I would not like to say, I think you would need to compare side to side.
Overall I think it works very well with Links. On the Intel iGPU, it did require a bit of tinkering (reflected in the separate Intel kit you see now). There may be scope for some more fine tuning.
I have become more impressed with the more courses I play using it. With it, I think my notebook now matches my desktop that has an Nvidia HBA in it, before the notebook was the poor relative that did not quite make it.
Des
Links 2003 receives improved GPU compatibility
- Tweed & Whisky
- Posts: 22
- Joined: January 12th, 2025, 5:12 am
Re: Links 2003 receives improved GPU compatibility
Thanks Guitarzan, I've updated my post with this info.
2014 Dell Precision M4800 | Intel i7-4810MQ | 16.0GB DDR3 | NVIDIA Quadro K1100M 2GB | BenQ PD 32" | Win11
- Tweed & Whisky
- Posts: 22
- Joined: January 12th, 2025, 5:12 am
Re: Links 2003 receives improved GPU compatibility
That would probably be the anistropic filtering working its magic.Colin Jones wrote: ↑February 4th, 2026, 7:38 am The course looks more detailed/sharper, particularly with the mid textures.
Just my imagination?
Links default is point filtering, I've configured DDrawCompat to utilise anisotropic filtering which handles textures much better, especially angled surfaces, giving that 'sharper' look into the horizon.
2014 Dell Precision M4800 | Intel i7-4810MQ | 16.0GB DDR3 | NVIDIA Quadro K1100M 2GB | BenQ PD 32" | Win11
Re: Links 2003 receives improved GPU compatibility
Glad you mentioned this. I thought my eyes were going kaput. Prior to using the wrapper I set anisotropic filtering with NvCpl and also set scaling and sharpen options to give really crisply defined textures - trouble was that Links loaded seemingly at random.Tweed & Whisky wrote: ↑February 4th, 2026, 11:16 am That would probably be the anistropic filtering working its magic.
Links default is point filtering, I've configured DDrawCompat to utilise anisotropic filtering which handles textures much better, especially angled surfaces, giving that 'sharper' look into the horizon.
In the feature list of this latest wrapper nowhere does it mention anisotropic filtering - the options (in DisplayFilter) are point, integer, bilinear, bicubic etc. Unless one of these options is the same as anisotropic filtering (or I'm missing something blindingly obvious) I'd appreciate how to utilise anisotropic filtering from within the wrapper. Or are you talking about setting Anisotropic filtering from within the Nvidia Control Panel (or eqiuivalent for AMD/Intel) in addition to using the wrapper?

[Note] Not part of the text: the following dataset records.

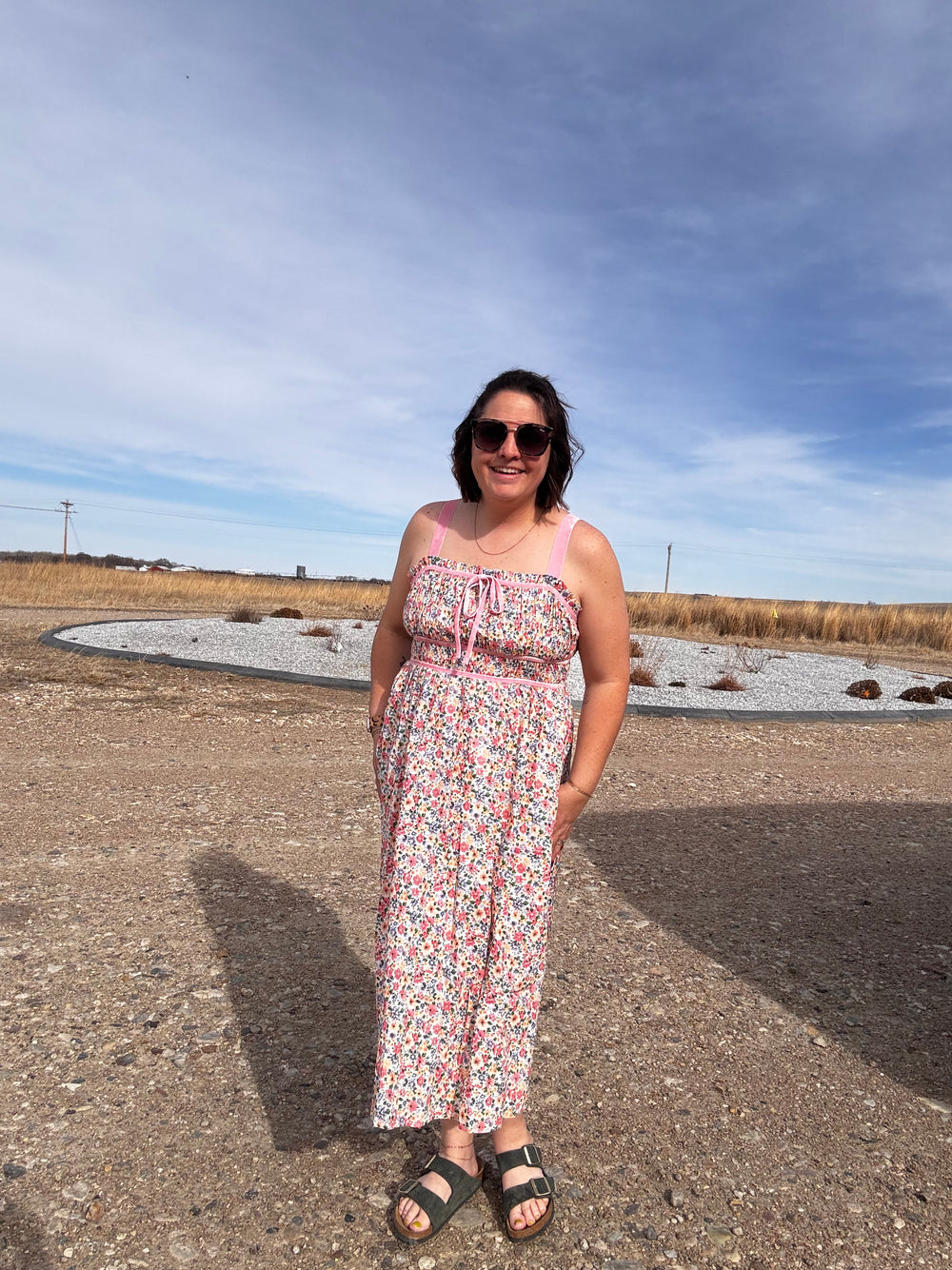 FLORAL MIDI DRESS WITH VELVET TRIM DETAIL - ADJUSTABLE STRAPS - SIDE POCKETS AND LINED SMALL: TOTAL LENGTH - 39" MODEL IS WEARING SIZE SMALL. SELF: 100% COTTON LINING: 100% RAYON *
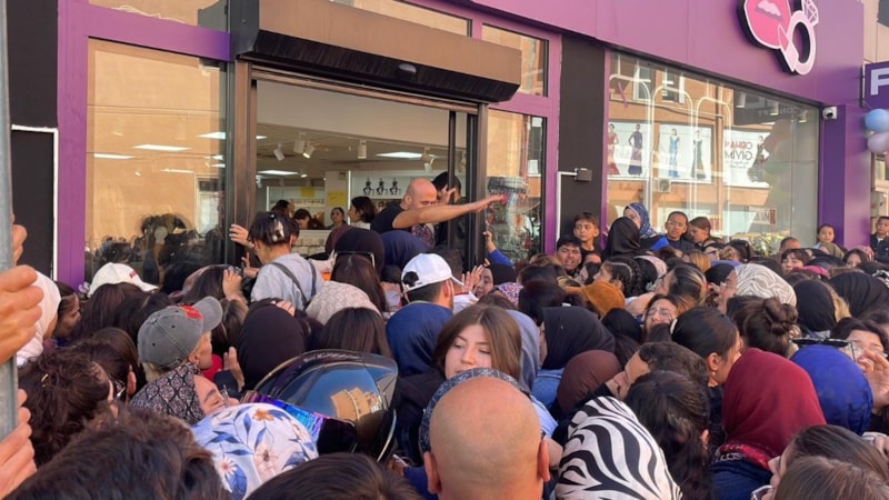 Saat 11:00'da mağaza kepenklerinin açılmasıyla birlikte kadınlar içeri girebilmek için yoğun şekilde yarıştı.
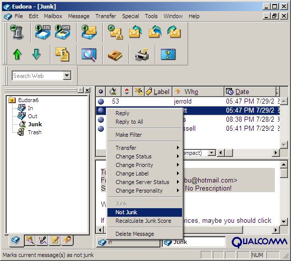 In the screenshot below, a junk message arrived in my inbox. All I need to do is right click the message and select Junk from the menu. Eudora will send the message to the Junk mailbox. Eudora will also learn from this, so the next time an e-mail comes matching the criteria of this e-mail, Eudora will label it as junk and send it to the Junk mailbox.
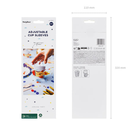 Bekerhulzen Vliegtuig, kleurenmix, formaat voor montage ca. 23 x 9,5 cm (1 pkt / 6 st.)
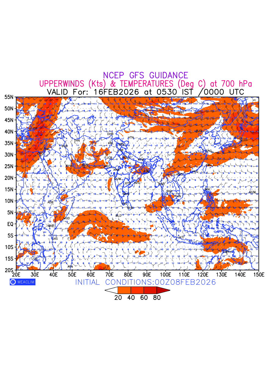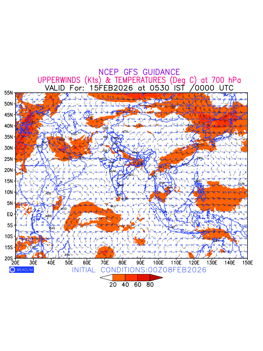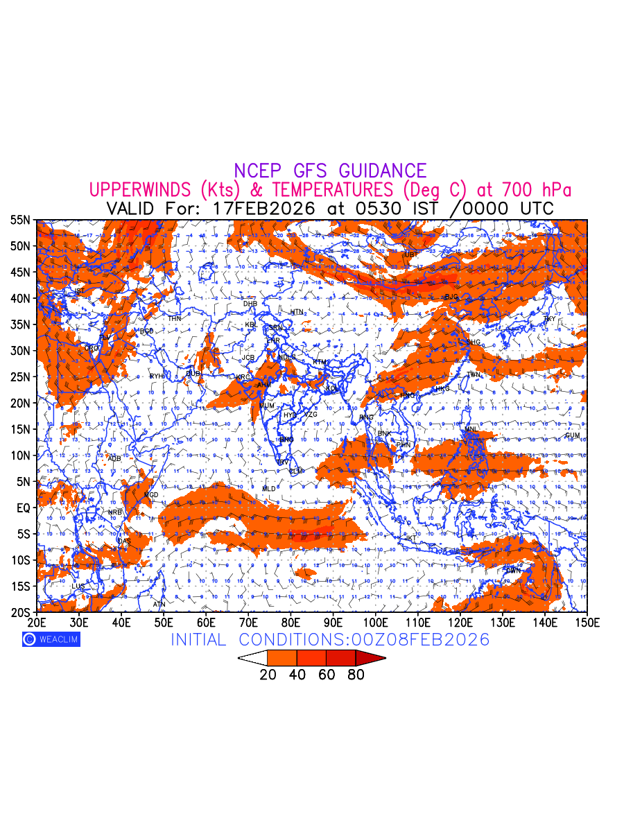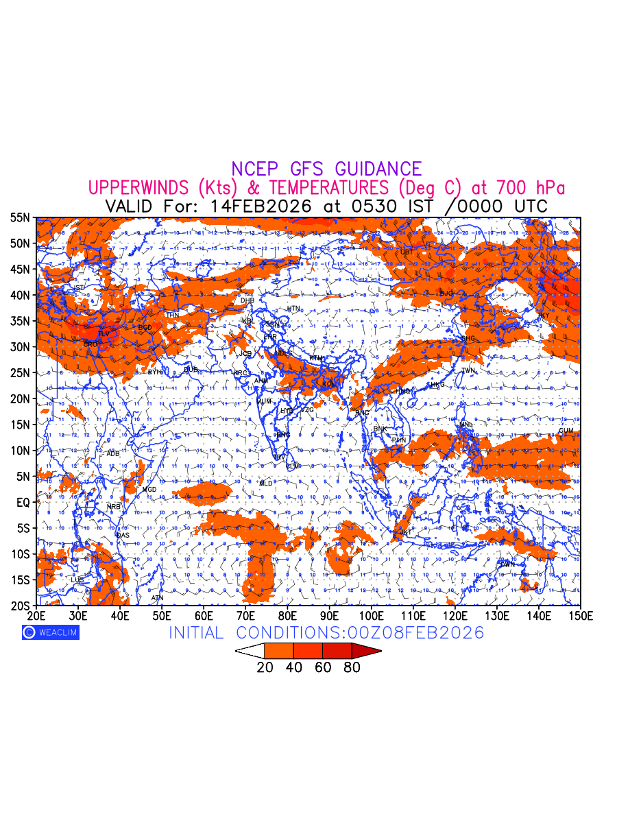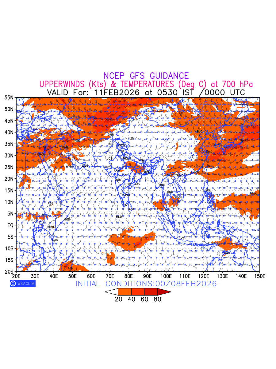 Winds at 700 hPa at the 24th hour for Eurasia refers to the predicted wind direction and speed at a pressure level of 700 hPa, which is located in the middle troposphere (approximately 3,000 meters or 10,000 feet above the Earths surface). The winds are presented in knots (kt), and the direction is given in degrees from true north. Winds with magnitude of more than 20 kt are marked in shades of red. At this level, the wind speed and direction can influence the movement and development of weather systems such as storms, fronts, and high-pressure systems. The depiction also shows the temperature along with the wind barb on the grid points at 700 hPa. Along with the wind speed (kt) and direction, upper air temperatures (Deg C) are also shown at the grid points over the Eurasian Region at 700 hPa level for the next ten days.
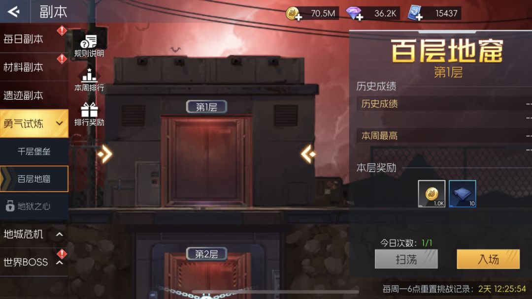 勇气试炼中,目前开放“千层堡垒”和“百层堡垒”两个模式。
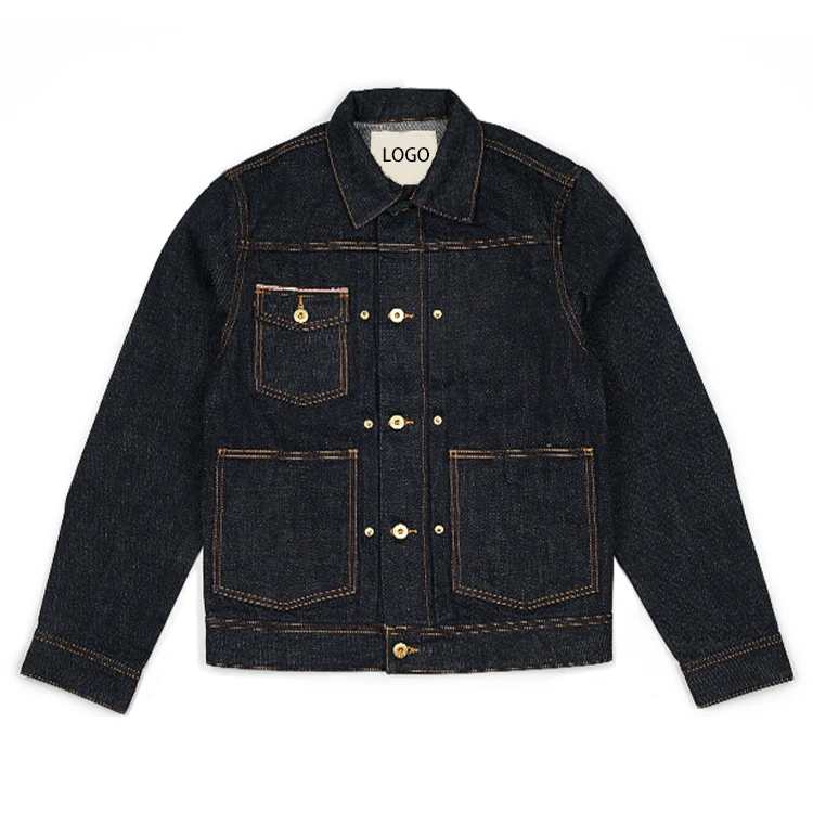 Male Vintage Heavy Washed Streetwear Boy Motorcycle Dark Blue Cowboy Coat Denim Jacket for Men
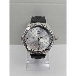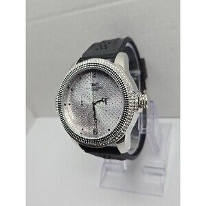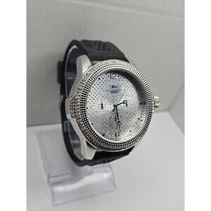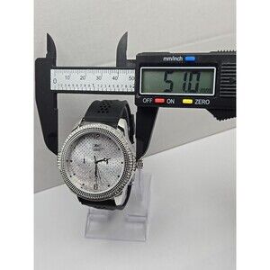 Techno King 51mm Iced Out Crystal Bezel Dial Black Strap Quartz Mens New Battery

AMD Ryzen 9600x, 32 GB system RAM, Nvidia 4600Ti GPU, OS installed on 2TB NVMe drive, secondary 500GB NVme drive, + SATA 500 GB SSD drive and 1 TB HDD. Windows 11(24H2) Display res 2560x1440 (Links on 1920x1080 upscaled)
Re: Links 2003 receives improved GPU compatibility
AF is in Texture filter, if represents 4 of the possible values there.